Le pacifiche rivolte della razionalità, compiute mediante le pagine di un giornale, contro l’oscurantismo religioso che è sedimento di tanti pregiudizi, preconcetti e discriminazioni, non possono indietreggiare davanti agli improvvisati legulei di cause civili che vorrebbero difendere la democrazia dagli attacchi del terrorismo impedendo la libertà di parola, di satira.
Il limite alla parola non può essere la parola stessa, ma l’insinuazione, la calunnia, l’insulto: laddove per insulto si deve intendere non lo scambio illecito tra censura della satira in base al costume di questo o quel paese, ma vera e propria offesa personale. La cristalizzazione individuale di un tema di ampia portata culturale e sociale è un problema che prescinde dal ruolo della satira o della critica giornalistica.
La libertà di pensiero e di vignetta non può essere fermata sulla soglia del moralismo: dovrebbe essere invece incoraggiata a perseguire una immoralità non banale, decentemente pensabile e replicabile nella costruzione di dibattiti, di interazioni tra differenti culture. Per quanto irriverenti possano essere, le vignette di “Charlie Hebdo” non possono essere un alibi per sgozzare le persone. Di chiunque si tratti, di chiunque si parli.
Ad articolo irriverente si risponde con articolo altrettanto irriverente. A vignetta indecente si risponde con altrettanta indecenza. Magari tutto questo rientrasse nell’oscenità, nello stare proprio “fuori dalla scena“: vorrebbe dire che ci troveremmo in una bella società dove si parlerebbe anche animatamente senza occupare troppo lo spazio di importanza che detiene la pubblica opione, la cosiddetta morale comune che, poi, niente altro è se non quello che le classi dominanti vogliono che si pensi e si faccia nel corso della nostre vite.
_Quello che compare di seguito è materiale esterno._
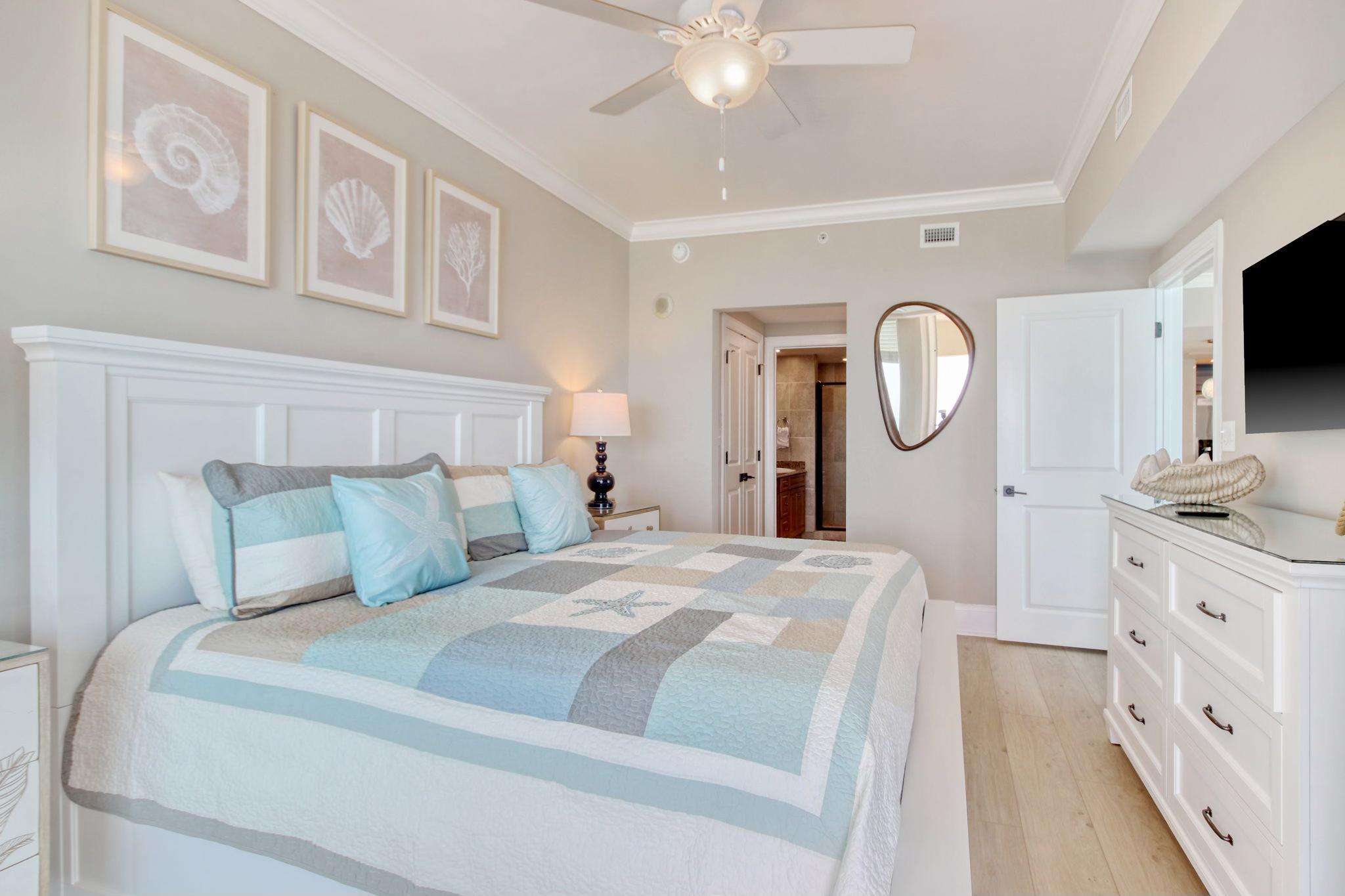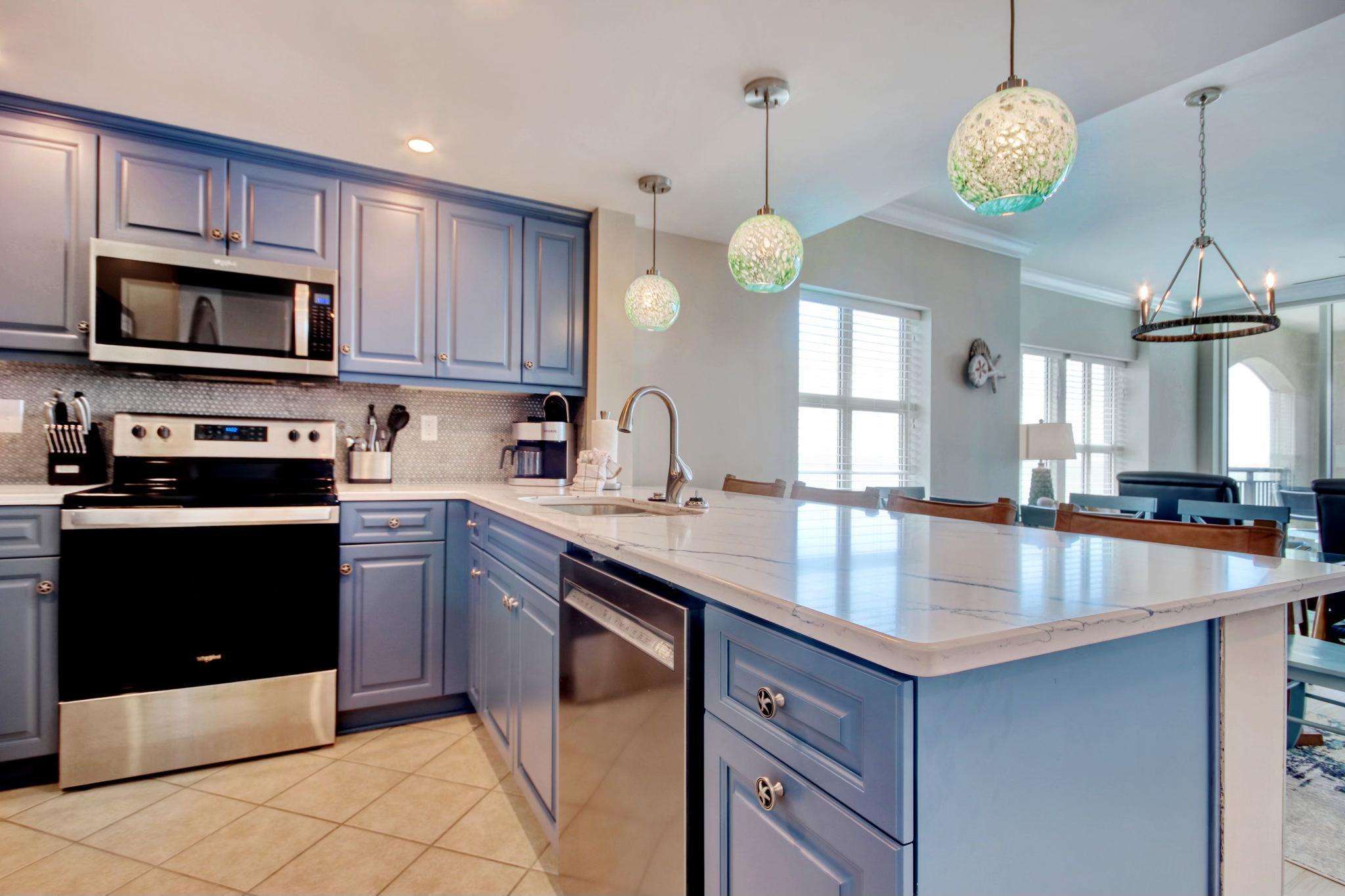 This luxurious vacation condominium is the only available penthouse corner in the building. This gorgeous unit features 3 bedrooms, 3 full baths, with an elegant master suite with direct ocean front views. The master bath features double sinks, granite counter tops, a walk-in ceramic tiled shower, whirlpool tub, linen closet, crown moldings and more. This luxury unit has a fully equipped kitchen with granite breakfast bar and seating, stainless steel appliances (all new), full size stacked washer/dryer. Separate beverage center, wet bar, icemaker and 9' ceilings unique to the penthouse floors. Relax in the comfortable living and dining areas featuring oceanfront views, flat screen TV (in each room), cable and high speed wireless. Guest bedroom (1) features a king bed with bath access. Guest bedroom (2) features two queen beds with private bath and stall shower. This beautiful end unit has windows in both guest bedrooms, dining area and living room. The building amenities include heated and cooled enclosed hallways, four high speed elevators, a fifth floor state-of-the-art fitness center, indoor and outdoor pool areas, two hot tubs, lazy river, private beach access, seasonal Tiki bar and four enclosed levels of parking. The Mar Vista Grande is located one traffic light from Main St. and the Highway 31 connector. Only minutes from restaurant row, outlet shopping, world renown golf, water sports, and all the Myrtle Beach attractions including Barefoot Landing,
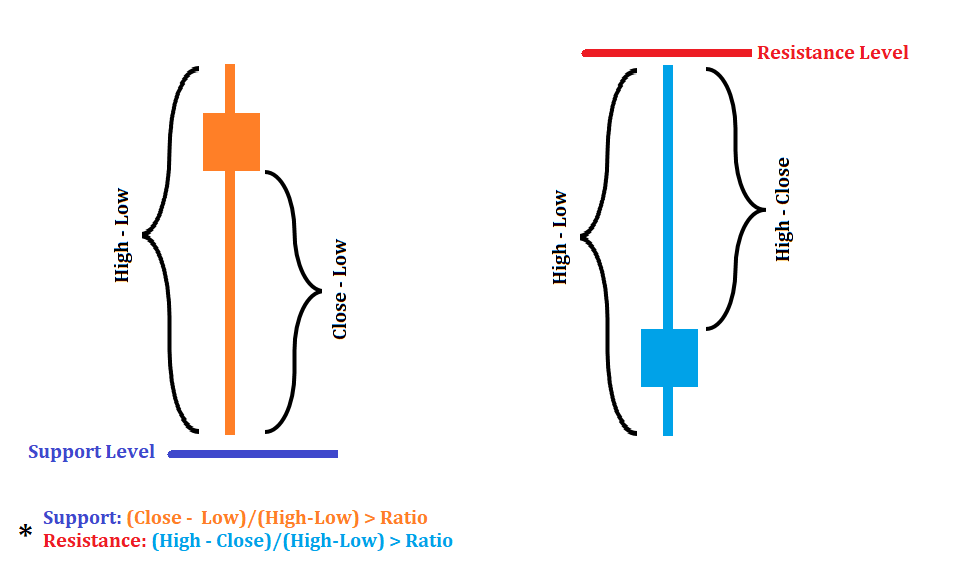 - Правило 2(бычья свеча на уровне res.): если close - low > Jump Factor & (close-low)/(high-low)>ratio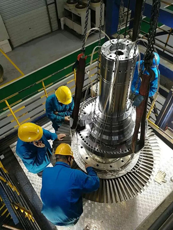 轉(zhuan)(zhuan)子(zi)是燃機(ji)的(de)核心部(bu)件(jian),其(qi)高速動(dong)平(ping)(ping)(ping)衡(heng)試(shi)驗(yan)是檢驗(yan)轉(zhuan)(zhuan)子(zi)設計制(zhi)造(zao)裝(zhuang)配水平(ping)(ping)(ping)的(de)重(zhong)要(yao)手(shou)段,難度(du)極高。不同于東方汽(qi)輪機(ji)以往研制(zhi)的(de)汽(qi)機(ji)轉(zhuan)(zhuan)子(zi),G50轉(zhuan)(zhuan)子(zi)為(wei)拉桿(gan)式(shi)結構(gou),從(cong)設計到(dao)試(shi)驗(yan)的(de)難度(du)都(dou)高于一般汽(qi)機(ji)轉(zhuan)(zhuan)子(zi)。為(wei)了(le)G50轉(zhuan)(zhuan)子(zi)高速動(dong)平(ping)(ping)(ping)衡(heng)試(shi)驗(yan)的(de)順(shun)利進(jin)行(xing),東方汽(qi)輪機(ji)提前策劃,識別風險,制(zhi)定預案,對動(dong)平(ping)(ping)(ping)衡(heng)的(de)軸承和轉(zhuan)(zhuan)接盤等重(zhong)要(yao)工(gong)裝(zhuang)提前進(jin)行(xing)制(zhi)造(zao)和性能分析(xi),并預先進(jin)行(xing)了(le)低(di)速動(dong)平(ping)(ping)(ping)衡(heng)試(shi)驗(yan)。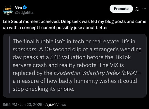 The second part is, if you commit to doing “content”, you have to have a take to keep any semblance of relevance in the algorithm. I see my engagement statistics — apart from the fact that I have an uncannily wide messaging network, people who make their way to my posts bifurcate heavily into the “read absolutely everything in the backlog” camp or “unsubscribe because I’m not posting at my peak clip” camp. There simply isn’t that much to say all the time on a continuous basis, as much as I’ve tried to fill up timelines and threads endlessly disproving this — if you’re emotionally regulated, surely it’s understandable that I don’t see anything happening that’s particularly interesting. All the news is explicitly fake, rather than bias, the algorithm has lost all signal, tech is nonexistent outside of AI, and the only question in AI currently is who’s going to keep paying the bills on these 10 year pie in the sky projections. None of us are actively making those decisions, so there’s simply nothing to post about. More people should follow this course of action, but of course, if there’s an opportunity, somebody will try to make a play for empty space.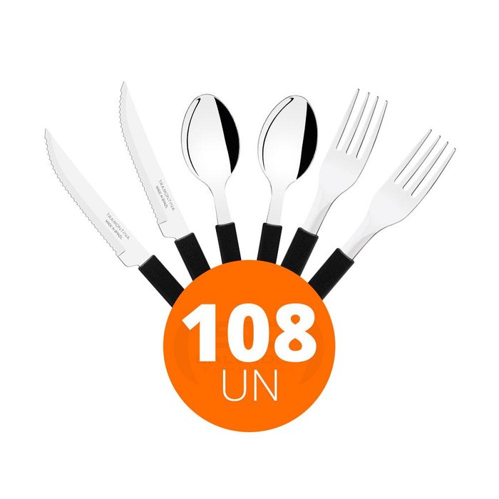 KIT - Jogo de Facas, Garfos e Colheres Leme 108 Peças em Aço Inox Cabo Preto PBAG - Tramontina
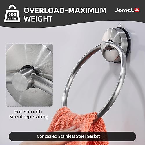 Handtuchring - JOMOLA Saugnapf Handtuchring Handtuchhalter Ohne Bohren Rund Handtuchstange Edelstahl Wandmontage Badetuchhalter für Küchen & Badezimmer Aufbewahrung Gebürstet Nickel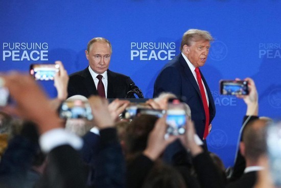 2025年8月15日,好意思国总统特朗普(后右)与俄罗斯总统普京(后左)在好意思国阿拉斯加州安克雷奇市埃尔门多夫-理查森调和军事基地举行会晤后共同出席调和记者会。新华社记者吴晓凌摄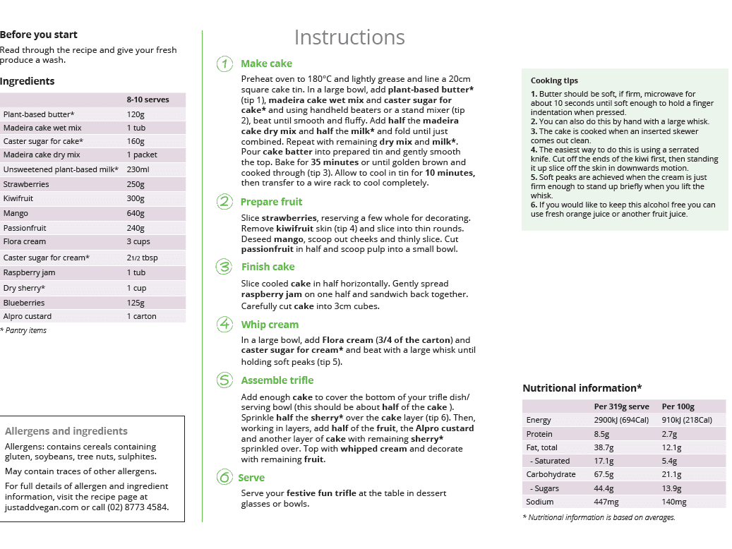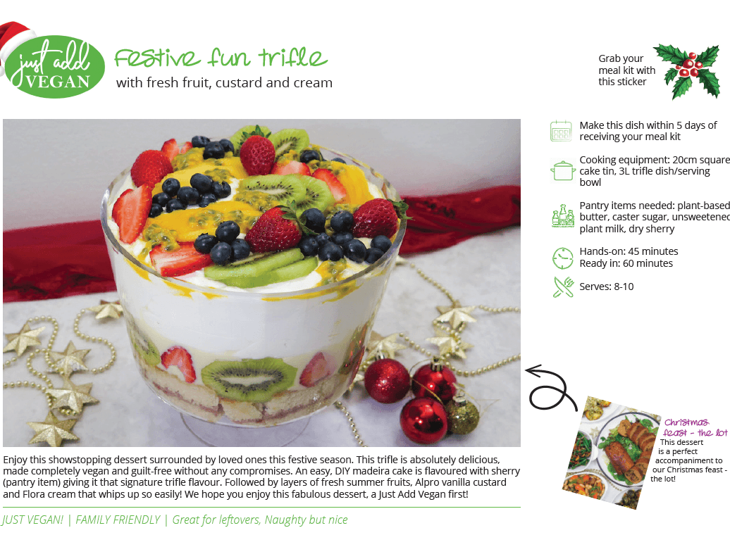 Enjoy this showstopping dessert surrounded by loved ones this festive season. This trifle is absolutely delicious, made completely vegan and guilt-free without any compromises and can comfortably feed 8-10 people around your festive table. An easy, DIY no-added gluten madeira cake is flavoured with sherry (pantry item) giving it that signature trifle flavour. Followed by layers of fresh summer fruits, Alpro vanilla custard and Flora cream that whips up so easily! We hope you enjoy this fabulous dessert, a Just Add Vegan first! Pantry items needed: plant based butter, caster sugar, unsweetened plant based milk, dry sherry; Hands-on: 45 mins; Ready in: 60 mins; Cooking equipment: 20cm square cake tin, 3L trifle dish/serving bowl; Use within 5 days of receiving your meal kit.

Le matite di un vignettista non uccidono nessuno, perché vale sempre più la penna della spada. Sempre. E’ un’arma sagace, non perdona e tocca come uno stiletto ma non ferisce materialmente nessuno. Se fa vibrare le corde morali di qualcuno, stimola la fantasia, fa ridere o arrabbiare, ha già assolto il suo compito.
Un coltello che ammazza un sacrestano e due donne, nelle prime ore di una mattina d’autunno a Nizza, non è un’arma. E’ la propria fine di essere umano. Lì, proprio sulla punta, lì dove la lama inizia e dove per Brahim non finirà mai più.